» **WHAT IS BEING ASKED**
Copy the lines below, word for word, from the first through the line containing "図3 二重バルーンアプリケータ法による食道腔内照射 a)内視鏡検査による金属マーカの装着". Leave the pictures out.

(Collected data)
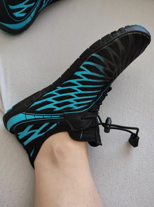 Enten du padler kajakk, står på et SUP-brett eller går i land på en steinete øy, gir disse badeskoene deg stabilitet og beskyttelse. Den sklisikre sålen gir bedre grep på våte steiner og brygger, mens den fleksible designen gjør dem komfortable å bruke hele dagen. Samtidig beskytter sålen føttene mot ujevnt og glatt underlag.
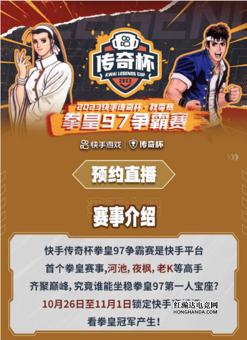 如此多的看点,大家是否已经按捺不住激动的心情,迫不及待地想要观看本次争霸赛?即日起,上快手搜索「拳皇」,即可进入赛事页面,各类赛事相关资讯一网打尽。比赛期间,观众除了观看精彩比赛,也可于10月26日-11月4日在快手带话题#传奇杯拳皇97争霸赛 发布赛事相关视频,赢取万元奖金。
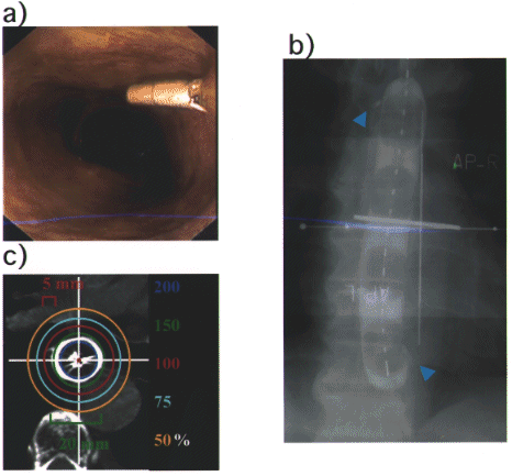 図3 二重バルーンアプリケータ法による食道腔内照射 a)内視鏡検査による金属マーカの装着 b)二重バルーンアプリケータ挿入と治療計画の照準写真 病変の上下に金属マーカが挿入されているのが容易に確認できる(矢印)。 c)腔内照射による線量分布 二重バルーンアプリケータを使用することにより、食道粘膜に均等に照射が可能である。(原論文1より引用)
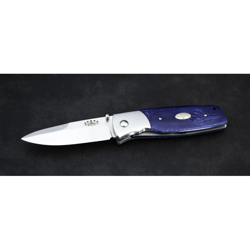 <p>Acier : Elmax</p> <p>Dureté (HRC) : 61-62</p> <p>Bord : Convexe</p> <p>Matériau de la poignée : Juma Blue Snake</p> <p>Poids : 179 g</p> <p>Longueur de la lame : 8,8 cm</p> <p>Épaisseur de la lame 3,5 mm</p> <p>Longueur totale : 19,9 cm</p> <p>Longueur totale, pliée 11,1 cm</p> <p>Assurance interne.</p>
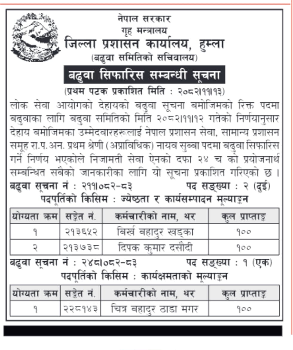 बढुवा सिफारिस सम्बन्धी सूचना।
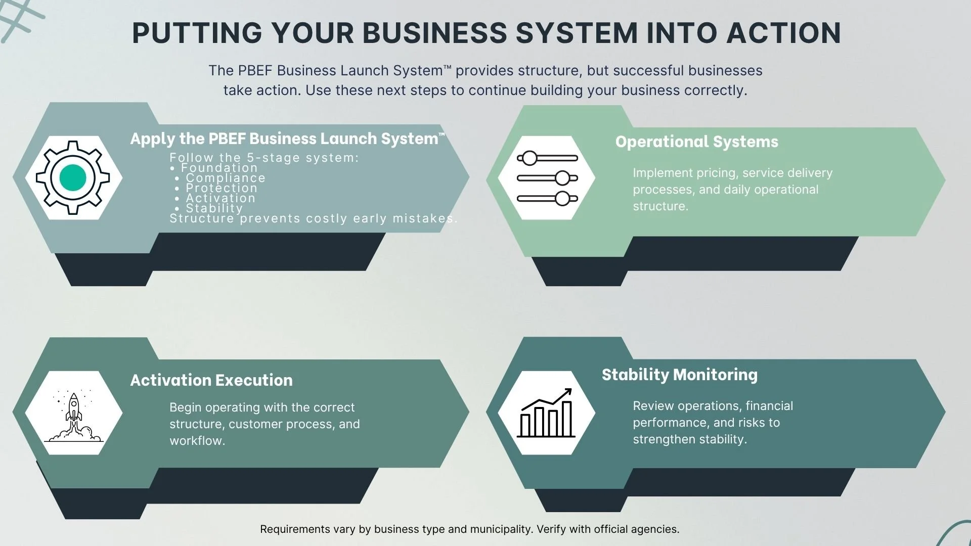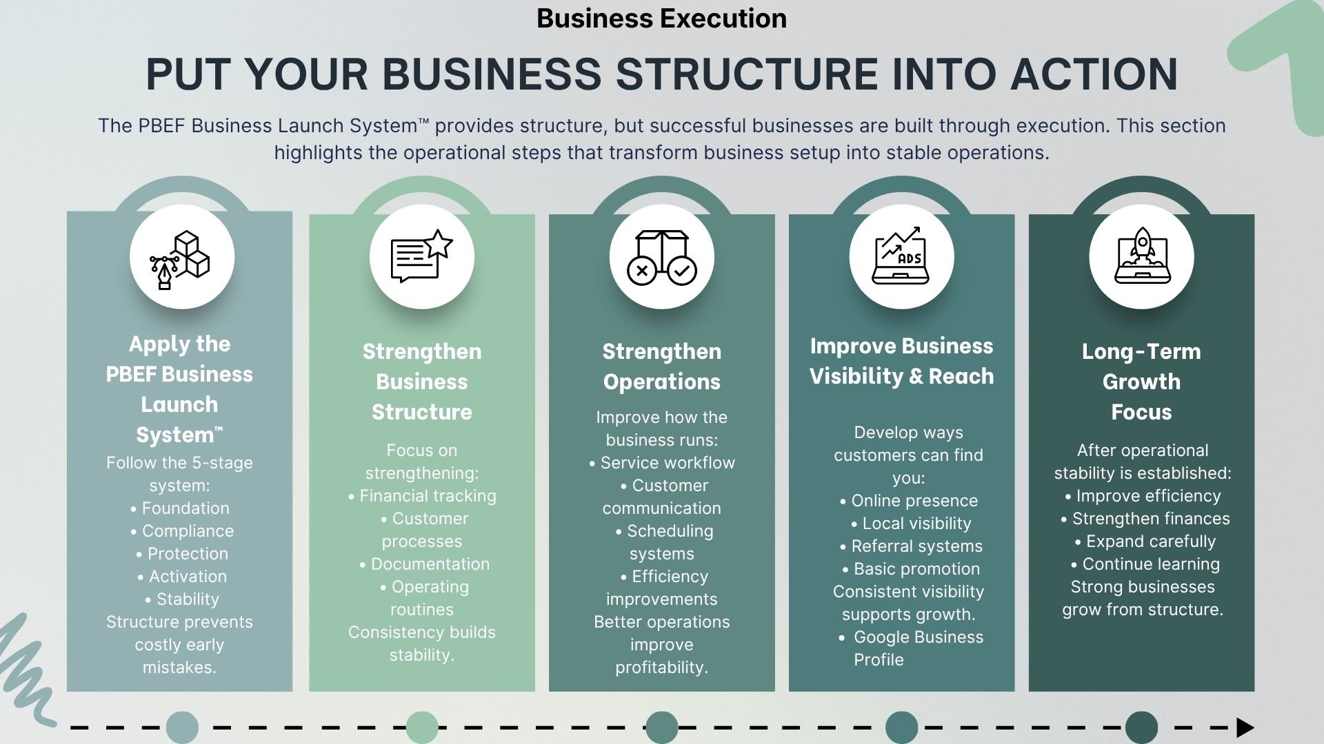 Each stage of the PBEF Business Launch System™ helps entrepreneurs move from idea to stable operation with clear structure and local requirements.

» **RESPONSE TO THIS TASK**
 Enten du padler kajakk, står på et SUP-brett eller går i land på en steinete øy, gir disse badeskoene deg stabilitet og beskyttelse. Den sklisikre sålen gir bedre grep på våte steiner og brygger, mens den fleksible designen gjør dem komfortable å bruke hele dagen. Samtidig beskytter sålen føttene mot ujevnt og glatt underlag.
 如此多的看点,大家是否已经按捺不住激动的心情,迫不及待地想要观看本次争霸赛?即日起,上快手搜索「拳皇」,即可进入赛事页面,各类赛事相关资讯一网打尽。比赛期间,观众除了观看精彩比赛,也可于10月26日-11月4日在快手带话题#传奇杯拳皇97争霸赛 发布赛事相关视频,赢取万元奖金。
 図3 二重バルーンアプリケータ法による食道腔内照射 a)内視鏡検査による金属マーカの装着 b)二重バルーンアプリケータ挿入と治療計画の照準写真 病変の上下に金属マーカが挿入されているのが容易に確認できる(矢印)。 c)腔内照射による線量分布 二重バルーンアプリケータを使用することにより、食道粘膜に均等に照射が可能である。(原論文1より引用)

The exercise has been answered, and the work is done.